Thank you for the clarifications. Based on what I understand of the situation now, I can say the following regarding your questions:
1) Since you're performing the inference on the NUC, which doesn't have a GPU, this is indeed the issue of the Benchmark App's handling of FP16. Unfortunately, this isn't something that can be circumvented on your particular device, however if you're not tied to a specific hardware, you may want to explore DL Workbench's capabilities of working with remote targets and/or DevCloud to try and compare FP32 and FP16 performance.
2) This indeed looks like a visual bug and is something we intend to look into. That being said, I'd also like to point out that DL Workbench generally expects uploaded models to be in BGR color space as most tools in OpenVINO by default rely on OpenCV to handle image processing. This may affect things such accuracy measurements on your model, for which you'll most likely have to manually adjust the configuration.
3) As mentioned before, this question is directly tied to 1), meaning that you won't be able to evaluate the differences in theoretical data on your NUC. However, as the name implies, this data can only provide a rough estimate, and what DL Workbench provides apart from that is configurable inference using Benchmark App, visualization of execution data and quantization to INT8 using POT. Upon which note, have you been able to successfully utilize any of the mentioned features?
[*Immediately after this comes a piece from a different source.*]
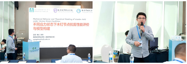 在绿色加工会场报告中,我校数字文创学院王硕老师以《不同应力状态下木钉节点抗剪性能评价与模型构建》为题,系统展示了现代木质工程材设计研究领域的最新进展。研究基于详实的实验数据,深入分析了不同应力状态下木钉节点的抗剪性能,构建了具有较高精度的预测模型,为提升木结构节点设计的可靠性及工程应用的安全性提供了重要的理论依据与实践参考,引发了与会专家的广泛关注与深入讨论。

4) From what I gather, the script you mention operates with video data. Unfortunately, Workbench does not support video data at present, so you'll have to convert it to image form and create a dataset matching a format which supports the given task. As for the labeling part, this particular operation is not something we support, but is something that can be requested as a postprocessing feature for the Accuracy Checker tool.
Thanks for your reply.
1. When we run the IR model in terminal (using the Python script I mentioned), we can run the IR model in CPU or GPU by specifying "-d CPU" or "-d GPU", respectively. At the moment, we can benchmark the performance in terms of frames per second, but not accuracy. That said, does DL Workbench supports Intel GPU to perform the inference? If so, how do we make it use GPU? Do you guys have any resources (like Python script) where we can measure the accuracy on a terminal instead of DL Workbench?
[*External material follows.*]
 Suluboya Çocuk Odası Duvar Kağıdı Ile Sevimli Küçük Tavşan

More information: At the "2. Select an Environment" in DL Workbench, we only can select the CPU and no GPU selection. Note that the device has the latest Intel Graphics driver version installed as seen from the screenshot.
3. We have yet to try out the POT feature. Any useful tutorials regarding the usage of Benchmark App, visualization of execution data and quantization to INT8 using POT?
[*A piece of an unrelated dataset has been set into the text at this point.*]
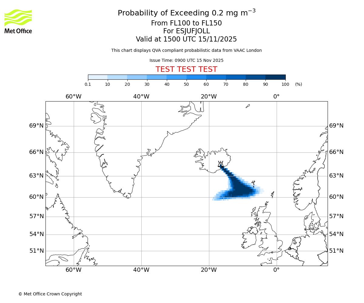 In accordance with ICAO Annex 3, Amendment 82 VAAC London will provide operational QVA forecasts from 27 November 2025 and these will be made available via a VAAC London QVA API information service. These charts are currently provided for test and evaluation purposes (not for operational use) until the introduction of the operational service.
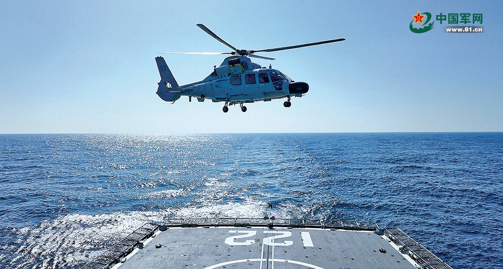 “前方海域發(fā)現(xiàn)多批可疑目標(biāo)?!薄爸鄙龣C起降部署!”隨著指令下達,唐山艦飛行甲板上,艦載直升機騰空而起,快速前出至“目標(biāo)”海域上空,低空盤旋鎖定“目標(biāo)”,實時向編隊回傳信息。

4. If possible, better to have an option to input (Python file) as a postprocessing feature for the Accuracy Checker tool in the future.
Thanks for reaching out to us.
DL Workbench does supports Intel GPU to perform the inference. To start DL Workbench with Python Starter, you need to use --enable-gpu argument. Please refer to Advanced DL Workbench Configurations for the complete list of command-line interface arguments for Python Starter, and additional docker run command-line options.
On another note, with the DL Workbench, you can perform INT8 calibrate your model locally, on a remote target, or in the Intel® DevCloud for the Edge. To read more about INT8 inference, see Using Low-Precision INT8 Integer Inference and Post-Training Optimization Toolkit.
On the other hand, we appreciate your request and agree that an option to input a Python file as a postprocessing feature for the Accuracy Checker tool could be a useful option to have. We will keep this feature request in mind for a future release.
Thanks for your question.
This thread will no longer be monitored since we have provided suggestions.
If you need any additional information from Intel, please submit a new question.